1/1/2018 – Sono in carcere da ieri sera quindici condannati del processo Aemilia – tra quelli ancora a piede libero – tuttim condannati per associazione mafiosa: sono ritenuti elementi di spicco della consorteria ndranghestista che ha spadroneggiato per decenni nel reggiano. La richiesta di arresto immediato, avanzata dalla Dda, è stata accolta dal collegio dei giudici Caruso (presidente) Cristina Beretti e Rat. Le misutre sono state eseguite intorno alle 18 dai carabinieri di Modena e di Piacenza.
E’ già in carcere Giuseppe Iaquinta, condannato a 19 anni di carcere: in difesa del padre in aula era insorto alla lettura della sentenza il figlio Vincenzo, campione del mondo di calcio, gridando “Siete ridicoli, vergogna, vergogna” all’indirizzo dei giudici.
A sua volta Vincenzo Iaquinta è stato condannato a due anni per il possesso illegale di un revolver, una pistola e 126 proiettili. Il difensore Carlo Taormina ha definito “abnorme” la sentenza a carico del campione, che non ha mai avuto problemi con la giustizia ma al quale non è stata nemmeno riconosciuta la sospensione condizionale. Nel caso di Giuseppe Iaquinta, invece, Tarmina ha sottolineato che i pronunciamenti del tribunale del Riesame e della cassazione hanno confermato la mancanza di prove a suo carico. E nessuno ha potuto riferire di qualche specifico affare di Iaquinta con i presunti associati”. Tradotto in carcere anche Eugenio Sergio (23 anni tra rito ordinario e abbreviato) parente di Maria Sergio, e che secondo i pentiti avrebbe chiesto dei voti al boss Lamanna per il marito della nipote, il sindaco di Reggio Luca Vecchi.

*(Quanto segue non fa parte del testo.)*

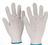
Knit Gloves / Cotton - Kosto Polyester and Cotton Knit Work Gloves
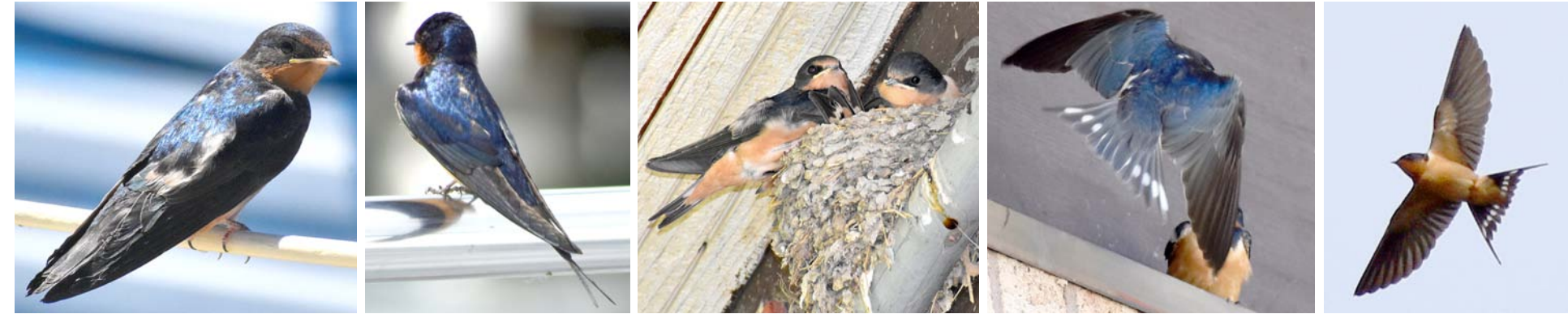
BARN SWALLOW Hirundo rustica (Forked "swallow tail" conspicuous in flight)

NORTHERN ROUGH-WINGED SWALLOW Stelgidopteryx serripennis

I carabinieri sono andati a casa anche dei fratelli Palmo e Giuseppe Vertinelli (quasi 30 anni a testa) noti costruttori montecchiesi di Cutro, ritenuti strategici negli affari del clan ndraghestista; nonchè di Alfredo Amato e Francesco Amato (19 anni di carcere ciascuno, ma Francesco non è stato ancora rintracciato) , di Carmine Belfiore (21 anni e 8 mesi), di Antonio Muto classe 1971, 20 anni e 8 mesi, di Luigi Muto (16 anni col rito ordinario) e Antonio Crivaro condannato a 19 anni. Tradotti in carcere anche Graziano Schirone di Montecchio , Carmine Arnea (Cadelbosco Sopra, 12 anni e 6 mesi) Francesco Lomonaco (19 anni e 6 mesi), Moncef Baachaoui (19 anni) e Graziano Schirone di Castelvetro ( 17 anni in totale). Non va in carcere invece Alfonso Paolini, scarcerato a suo tempo dal Riesame e messo agli arresti domiciliare per problemi di salute ritenuti incompatibili col regime carcerario.